Data Science for the LGBTQIA+ community?
Data collection does not really have a great reputation in marginalized communities. We often hear news about surveillance of immigrants, communities of color, and social justice activists, all in the name of security. It’s would not be surprising for there to be distrust about collection of personal data, since it likely leads to increased policing.
Aside from this obvious misuse of data, there have been a few stories out there that show that indeed, machine learning algorithms can be racist and sexist. There is an ongoing discussion about the ethics followed in data science. However, I severely doubt that most data scientists have a sufficient analysis of race, gender, etc, and that algorithms will continue to be biased to more privileged individuals. Call me a technological pessimist, if you will.
In the past 5–10 years, the field of data science has exploded. As we enter a new age where everything essentially collects data from you, companies are seeking to capitalize on ways to use that data. Data scientists are equivalent to classical statisticians from several decades ago. We do statistics for sure, but we also spend a lot of time programming and munging so called “big data”. It’s a pretty glamorous job. I kid.
One thing I spend some time thinking about is how I can use a random forest algorithm to advance our fight for queer justice and liberation (note: the joke in data science is that we throw random forests at everything and call it a day).

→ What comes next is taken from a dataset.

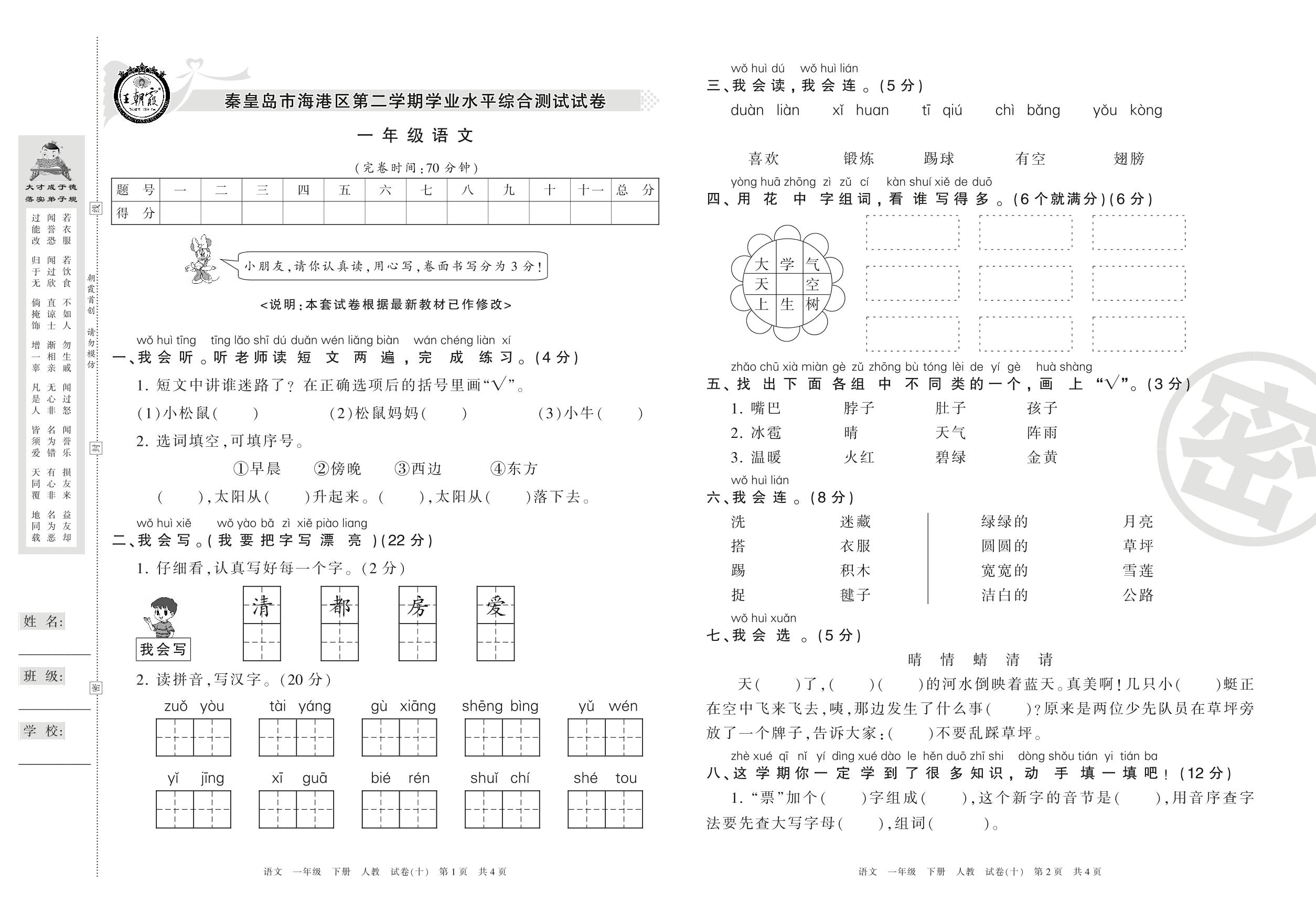 2015-2016学年第二学期秦皇岛市海港区一年级语文试卷(人教版)【10】

This leads to some questions that may be ripe for data analysis. Here are some examples that predictive analytics can be used for social justice:
- LGBTQ individuals are simply more likely to be incarcerated. Moreso if you are a person of color. You can think of several key factors that may contribute to this, but which factors contribute the most, and which the least? This would give us a sense of how our community could re-structure itself to prevent our members from being incarcerated. For example, if you were able to obtain demographic data, census related data, education related data, health related data on queer individuals who are incarcerated, and compare them to those who have not, is there any interesting trends that could be informative for would-be policy makers and non-profits? What about factors surrounding recidivism? Are there data driven approaches that could prove useful, which in turn, could yield practical (and economically feasible) solutions to this problem in our community?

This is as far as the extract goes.